Als ik hem ernaar vraag, zegt Stampoulopoulos dat hij natuurlijk niet voor een kil neoliberalisme is dat iedereen verantwoordelijk acht voor het eigen succes en de afvallers in de kou laat staan. Het gaat hem om iets veel basalers: ‘Krijgen wat je verdient. Je hebt hard gewerkt om bepaalde vaardigheden te verwerven. Daarom krijg je een baan, niet omdat iemand hem voor je neus wegkaapt omdat hij iemand kent.’

De woede hierover komt terug in de verhalen van de emigranten. ‘Mensen zijn heel boos over de bureaucratie in de publieke sector, het gebrek aan meritocratie, over de manier waarop het politieke systeem werkt, de hele cliëntelistische overheid, de corruptie.’

Dat betekent allerminst dat Stampoulopoulos achter het opgelegde bezuinigingsbeleid staat. ‘Je hoeft maar naar de geschiedenis te kijken om te weten dat er twee manieren zijn om aan een depressie te ontsnappen: gaan voor een new deal en groei creëren, of alle haat samenballen in een totalitair en agressief regime. Al die austerity werkt niet, het straft de werkende mensen en de middenklasse in plaats van de voorwaarden voor groei te scheppen.’

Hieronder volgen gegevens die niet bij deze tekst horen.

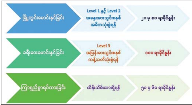
ပုံ ၇။ EV သုံးစွဲမှုနှင့် ဘက်ထရီအားသွင်းမှုပြပုံ။

၂။ (ဃ) ၈၀ ရာခိုင်နှုန်းအထိသာ အားဖြည့်သွင်းခြင်း လူ့စိတ်လူ့သဘောအရ အမြင့်ဆုံး ၁၀၀ ရာခိုင်နှုန်းရှိခြင်း၊ ရာနှုန်းပြည့်ဖြစ်ခြင်းကဲ့သို့ နှစ်သက်ကြပြီး အကောင်းဆုံးဟု သတ်မှတ်လေ့ရှိကြ၏။ သို့သော် EV ကို ၁၀၀ ရာခိုင်နှုန်း အားသွင်းခြင်းသည် အကောင်းဆုံးမဟုတ်ဘဲ ဘက်ထရီကျန်းမာရေးကို ထိခိုက်စေနိုင်ပြီး လီသီယမ်အိုင်ယွန်းဘက်ထရီများ ဖြစ်၍ ဘက်ထရီရာနှုန်းပြည့်ဖြင့် ကြာရှည်ထားလျှင် ပျက်စီးယိုယွင်းစေနိုင်၏။ ခရီးဝေးသွားလျှင် ဘက်ထရီကို ရာနှုန်းပြည့်အားသွင်းသင့်သော်လည်း ဖြိုတွင်းအတွက် ၈၀ ရာခိုင်နှုန်းအထိသာ
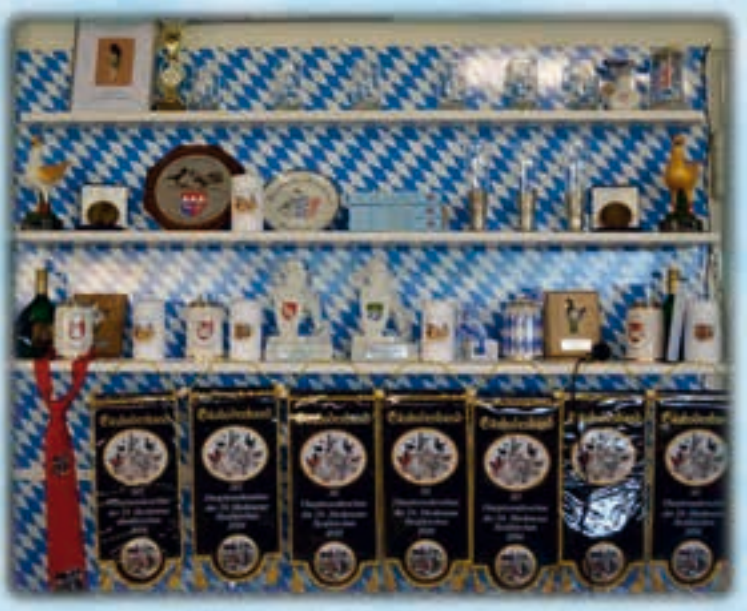
Wertvolle Preise warten auf die Aussteller

viele und aktive Züchter und erfolgreiche Aussteller
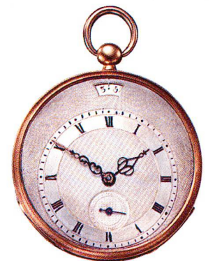
Rotgolduhr, 18 Karat Vacheron & Constantin, Genève um 1840
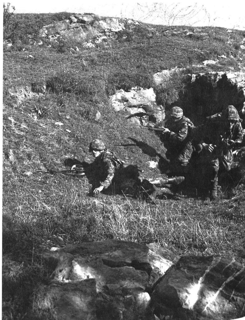
Prêts pour l'assaut...

Le 20 juin 1940, au moment où les premiers éléments du corps français du général Daille franchissent la frontière, le 1 er corps roque sa 2 e divi-
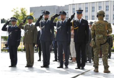
Uroczyste obchody upamiętniające 85. rocznicę wybuchu II wojny światowej
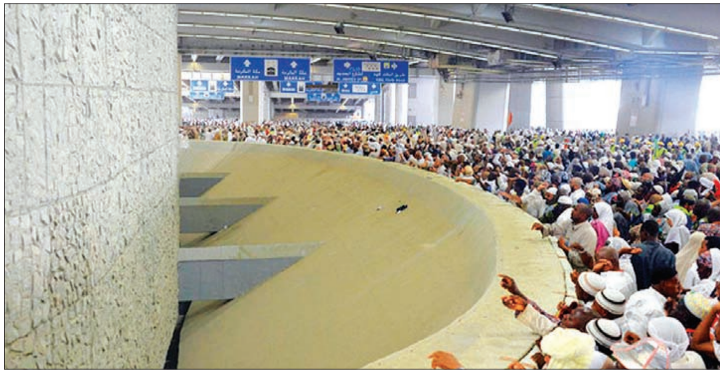
الحجاج في ثاني «أيام التشريق»

تنقل الحجاج، حيث تم نقل نحو 40٪ من الحجاج عبر نظام النقل بالرحلات الترددية، بينما تستخدم 25٪ تقريبا «قطار المشاعر»، وقد تم نقل نحو 35٪ السير على الأقدام، أو استخدام الرحلات التقليدية عبر السيارات والحافلات الخاصة.
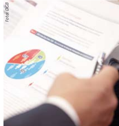
Der aktuelle DGB-Index Gute Arbeit

Grundversorgung für die Bevölkerung kaum noch gegeben. Globalisierung darf nicht zum Abbau des Sozialstaates führen. Vielmehr sind sozialstaatliche Elemente die Voraussetzung für eine gleichgewichtige und faire Globalisierung. Die deutschen Gewerkschaften unterstützen dabei auch freiwillige Initiativen.
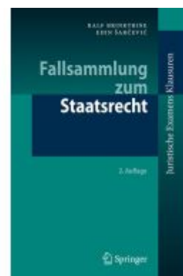
Fallsammlung zum Staatsrecht Ladenpreis: 20,51EUR
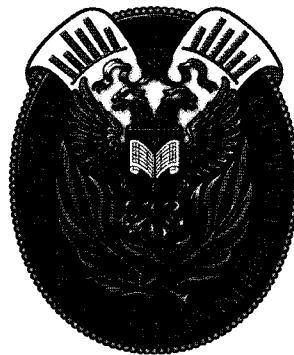
РИСУНОК нагрудного знака «За вклад в развитие государственной статистики»
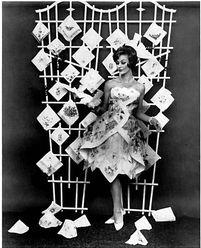
Création Anny Couture, Bâle réalisée au moyen de 100 mouchoirs

Robes réalisées en mouchoirs de Saint-Gall imprimés, brodés ou bordés de dentelle, qui sont présentées dans les grands magasins étatsuniens à l'occasion de campagnes en faveur de ces articles.
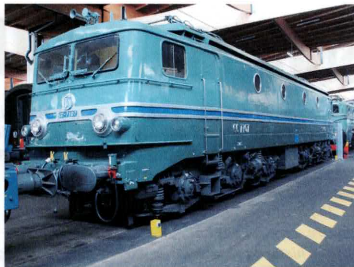
La BB 9004 et la CC 7107 toutes deux détentrices du record du monde vitesse sur rail le 28 et 29 Mars 1955 avec 331 km/h....
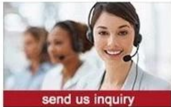
send us inquiry
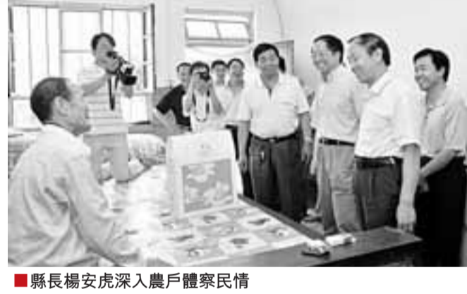
■縣長權安虎深入農戶體察民情
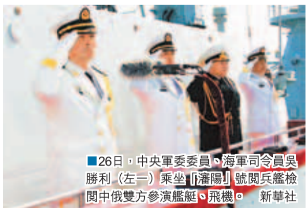
26日，中央軍委委員、海軍司令員吳勝利(左二)乘坐「瀋陽」號閱兵艦檢閱中俄雙方參演艦艇、飛機。

香港文匯報訊(記者 葛沖 綜合報道)中俄海上聯合軍演26日上午舉行了對海、對潛和對空實兵實彈演練，並進行了聯合護航、聯合反劫持演習。至此，中俄海上聯合軍演所有科目全部圓滿完成。當天下午，中俄艦艇和飛機還舉行了盛大的海上閱兵式。中國國防部發言人指，此次軍演取得三方面成果，演習增進了兩國戰略互信和協作水平，拓展了兩軍交流合作的領域，有效提高了雙方共同應對新挑戰、新威脅的能力。
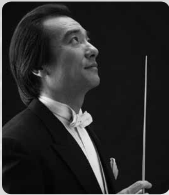
井崎正浩 指揮 Izaki Masahiro
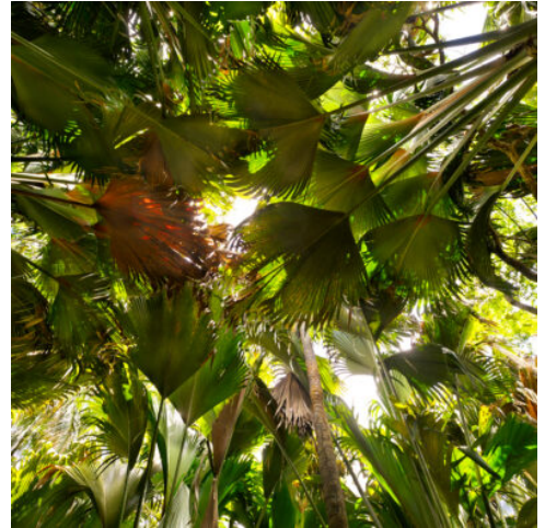
Vallée de Mai

Nach Ihrer Ankunft auf Mahé werden Sie am Flughafen herzlich begrüßt und zum Hafen gebracht. Mit der Fähre geht es weiter nach Praslin, der zweitgrößten Insel der Seychellen.
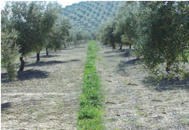
Figura 6. A partir del 15 de marzo debe perdurar, al menos, una banda de autosemillado superior a los 25 cm de anchura.

De 15 de marzo a 15 de mayo debe perdurar una banda de autosemillado de, al menos, 25 cm de ancho (Fig. 6).

Terwijl de zon boven Athene onder gaat, zegt hij: ‘We zullen een heel nieuwe samenleving moeten uitvinden. De samenleving die we nu hebben, gaat ten onder.’

Morele plicht?

Ook na mijn verblijf in Athene blijf ik in het goede gezelschap van Nicolaos Stampoulopoulos, Bruno Tersago, mijn gewaardeerde collega’s Jesse Frederik en Rutger Bregman en toonaangevende economen als het idee houden dat schuldenverlichting en een eind aan austerity de enige uitweg is voor Griekenland.

Toch is mijn perspectief wat gekanteld. Door de stelligheid waarmee Koniordos meent dat vooral Griekenland zelf verantwoordelijkheid draagt voor het uit de pan rijzen van de staatsschuld. Door het inzicht dat de huidige krimp mogelijk een correctie is van de opgeblazen groei vóór de crisis. Door het besef dat er in de Griekse samenleving zoveel moet veranderen.

Zeker, het is eenvoudig te betogen dat de Europese leiders nalaten wat nodig is: een begin maken met schuldenkwijtschelding. Alleen: wat is de logische grens voor een onhoudbare schuld? Zijn de staatsschulden van Portugal en Italië (130 procent) niet ook ondraaglijk?

Ergens is de huiver van de Europese politici ook te begrijpen. Kwijtschelding zou een transferunie betekenen waarin geld wordt overgeheveld van rijke naar arme EU-landen. Dat mag je (net als ik) een mooi en rechtvaardig vergezicht vinden, veel draagvlak onder de Europeanen is er op dit moment niet voor. Ook is het de vraag waar de solidariteit begint en ophoudt. Zeker, de armoede in Griekenland is schrijnend. Maar Bulgarije en Roemenië nog altijd méér armoede en sociale uitsluiting. Reden om ook hen financieel te hulp te schieten?

In deze woelige dagen lijkt wel te gelden: hoe onzekerder Griekenlands toekomst, hoe stelliger de opinies. Ikzelf ben bang dat het voor de verantwoordelijke politici nu haast onmogelijk is te weten wat het juiste is om te doen.